Fig. 2 illustrates only the generating means 1 of the prediction model with component 11-13 and model generator 01, ability Field technique personnel, can be with it is understood that structure shown in fig. 1 does not constitute the restriction to the generating means 1 of prediction model Including perhaps combining certain components or different component layouts than illustrating less perhaps more components.
In 1 embodiment of device shown in Fig. 2, model generator 01 is stored in memory 11;Processor 12 executes Following steps are realized when the model generator 01 stored in memory 11:
It determines target area and object time unit to be predicted, and obtains predetermined period.
Obtain the influenza-like case of continuous multiple time quantums of the target area before the object time unit Percent data sequence.
According to the predetermined period and default order k, by the influenza-like case percent data sequence described default Lag 0 obtains 2k+1 data sequence to k rank respectively before and after period.
Calculate separately the auto-correlation between the 2k+1 data sequence and the influenza-like case percent data sequence Coefficient, and according to lag sequence, predetermined period is determined according to the data sequence that first auto-correlation coefficient is greater than preset threshold.
According to the influenza-like case Percent sequence computation model parameter of predetermined period has been determined, according to the model parameter Autoregression integral moving average model is established as the prediction model with described predetermined period.

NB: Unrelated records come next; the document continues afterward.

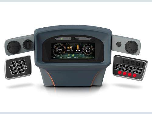 In addition to these compact and cost-effective solutions, Continental also offers premium versions, like the freely programmable MultiViu Professional12 instrument cluster, which boasts a high-resolution, optically bonded 12.3-inch color TFT display, a real-time 2D graphic display and a video display. The MultiViu Professional12 eases the driver’s workload by clearly presenting all the relevant information about his machine as animated text, scales, bar graphs or symbols. This ensures the highest possible levels of efficiency and precision – and this can also be seen in the modular driver’s workplace (mDWP) in which Continental uses the MultiViu Professional12.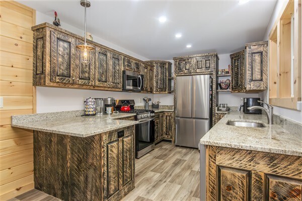 This fully remodeled property boasts upscale finishes throughout, including stunning granite countertops, custom cabinetry, luxury vinyl flooring, and beautifully tiled showers. The cottage features an expansive wraparound porch, perfect for enjoying the stunning surroundings. Additionally, a private meadow along a genuine mountain trout stream is accessible just across the road. For convenience, Starlink (WiFi) is available. This exceptional mountain retreat is ideally situated, being only 15 minutes from Blue Ridge, 10 minutes from Blue Ridge Lake, and 10 minutes from the Toccoa River tailwaters. Pets Considered.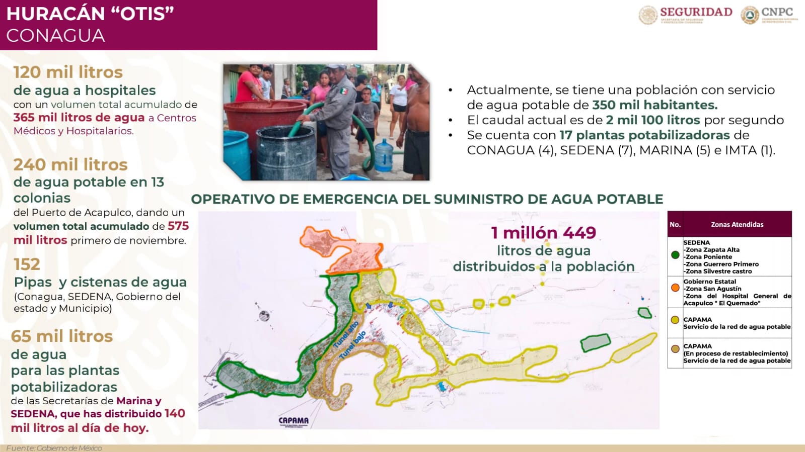 83 cisternas de agua instaladas en Acapulco, que han aportado 2 millones 804 litros distribuidos.

Target area in the present embodiment is a certain area that carry out influenza-like case percent prediction, for example, a certain City or a certain province etc..In addition, being illustrated with scheme of the Zhou Zuowei time quantum to the present embodiment, it is assumed that predict this The influenza-like case percentage in week, then with the history influenza-like case percent data sequence structure in week each in front of this week 5 years ARIMA (Autoregressive Integrated Moving Average, autoregression integrate sliding average) model is built, that is, is wanted 261st week influenza-like case percentage is predicted, then is needed using 260 weeks influenza-like case percentage before it Data construct ARIMA model.Over time, object time unit can elapse forward, and the object time unit is gone through History data can change, further, since annual week number length and solar term variation lead to these historical datas there may be difference The periodicity actually showed can change.In the case where these no factors influence, by the influenza in long-time The observation of sample case percent data sequence, it can be seen that data are in annual periodicity, that is, the period is 52 weeks, but When having above-mentioned factor influence, the period can be less or greater than 52 weeks.Therefore, in the method for the present embodiment, to prediction week Before phase carries out dynamic adjustment, the periodicity that can be presented according to influenza-like case percent data determines that predetermined period is 52 Week next predetermined period is adjusted using 52 weeks as benchmark.Assuming that currently to predict the first week stream in June, 2018 Feel sample case percentage, then needs to obtain the influenza-like case percent data sequence in 2013 to 2017 each weeks.At it In his embodiment, the quantity of time quantum is arranged by user according to actual prediction demand in historical data.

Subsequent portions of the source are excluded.